Aslında böyle bir detayla şunu arz etmek istiyorum: Kendimize sormalıyız. Çağımızda Kur'ân'ı ona yakışır şekilde temsil edebiliyor muyuz? En azından hicrî bir, iki, üç ve dördüncü asırları günümüzün şartlarına uygun şekilde hayata geçirebiliyor muyuz? Eğer bunlara müsbet cevap veremiyorsak, bir kısım küfür yobazlarının bize yönelttikleri sözleri "intâk-ı bi'l-hak" kabul edip, bunları Allah konuşturuyor demek doğru olmaz mı? Bu hususu, "İnsanların zulmettiği aynı şeyde kader adalet eder." ölçüsüyle de değerlendirebiliriz.
Düşünelim bir kere, bizde tercih planında bile değil, başkalarının tercih ettiği meseleleri bir araya getirerek yazılmış en son fıkıh kitabı, Fatih Sultan Mehmed döneminde yaşamış ve Fatih Camii'nde imamlık yapmış merhum Üstad Halepli İbrahim Efendi'nin yazdığı Mülteka'l-Ebhur ve yine aynı döneme ait Molla Hüsrev Hazretleri'nin yazdığı "Dürer ve Gurer"dir.

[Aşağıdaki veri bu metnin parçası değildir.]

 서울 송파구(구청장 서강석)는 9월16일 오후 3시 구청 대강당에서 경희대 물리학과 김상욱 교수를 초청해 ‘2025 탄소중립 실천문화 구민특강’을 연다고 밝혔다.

Aradan bunca asır geçmiş ve elbette çok şey değişmiştir. Hâlbuki heyetler teşkil edilebilir ve bu sahada ehil insanlar yetiştirilerek çağ kucaklanabilirdi. Ve böylece geçen dört-beş asır da, daha öncekiler gibi bizim asrımız olurdu. Ama işin doğrusu şu ki, biz yedi-sekiz asırdır belli şeylere kilitlenip kalmışızdır.

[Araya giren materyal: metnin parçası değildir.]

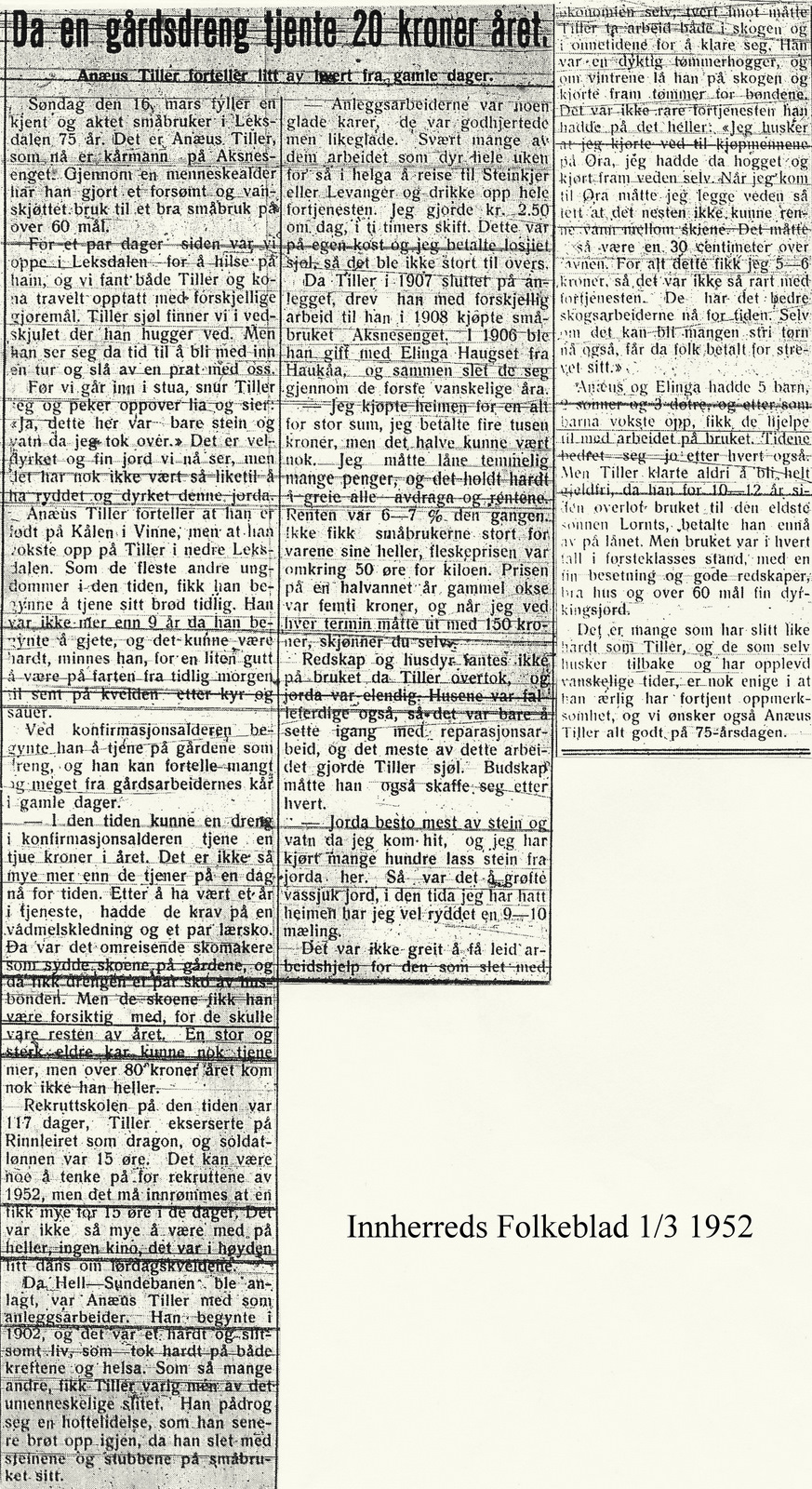 1952 Avisutklipp Da en gårdsdreng tjene 20 kr i året

Bizim bu söylediklerimiz uzak ve yakın selef-i salihîni hayırla yâd etmeye mâni değildir. Allah zerrât-ı kâinat adedince onlardan razı olsun! Ancak selef-i salihîni hayırla yâd etmek, bir yönüyle de onlar gibi davranmakla mümkündür. Nasıl ki onlar bulundukları dönemde, çağlarını kucaklamışlar, hatta aşmışlar; bizler de aynı şekilde davranmak ve onlara yetişmek mecburiyetindeyiz.
Sözün buraya kadar olan kısmını, bundan sonra söyleneceklere bir mukaddime, bir girizgâh kabul edebilirsiniz. Milletçe eğitim problemlerimizi çözmek ve topyekün insanlığın kültür hayatına kendi kültür zenginliğimiz ve medeniyet telakkimizle katkıda bulunma mecburiyetindeyiz. Bu arada üniversite ve ciddî araştırma merkezlerinin kurulması da çok önemlidir. Buralarda istihdam edilecek ilim adamları, ilim adına bugüne kadar söylenen her şeyi yeniden sorgulayacak ve ilmi bir kere daha yorumlayacaklardır ki bu yapılamadığı takdirde, düalizmden kurtulmamız mümkün değildir.
Bu son cümleyle bilhassa şuna işaret etmek istiyorum: Günümüzde mevcut pozitif ilimler hemen bütün şubeleriyle, Batı materyalizmine dayanır. Batılıya göre madde esastır. İlk patlama ve termodinamik prensipleri, tartışılmaz doğrulardır. Tabiî bu arada bizler, din adına bunları aşarak bir şeyler söylerken, meseleleri, tıpkı bir yamalı bohça gibi takdimden kendimizi kurtaramıyoruz. Sızıntı, Zafer, Sur gibi mecmualar bu mevzuda büyük hizmetler görmüşlerdir. –Allah sa'ylerini meşkûr ve arkalarındaki insanlara da sınırsız sevaplar lütfeylesin!–
Ne var ki şu realiteyi de görmezlikten gelmek doğru değildir. Yapılan değerlendirmeler Batılının ilim anlayışıyla senteze gidilerek yapılmakta ve bu da ister istemez sun'î olmaktadır. Oysaki beklenen gerçek değerlendirme bu değildir. Ve ne acıdır ki, henüz o seviyeye ulaşılamamıştır. Çünkü bizim okuduğumuz fen ilimleri henüz bizim kriterlerimiz açısından sağlam bir blokaja oturtulamadı.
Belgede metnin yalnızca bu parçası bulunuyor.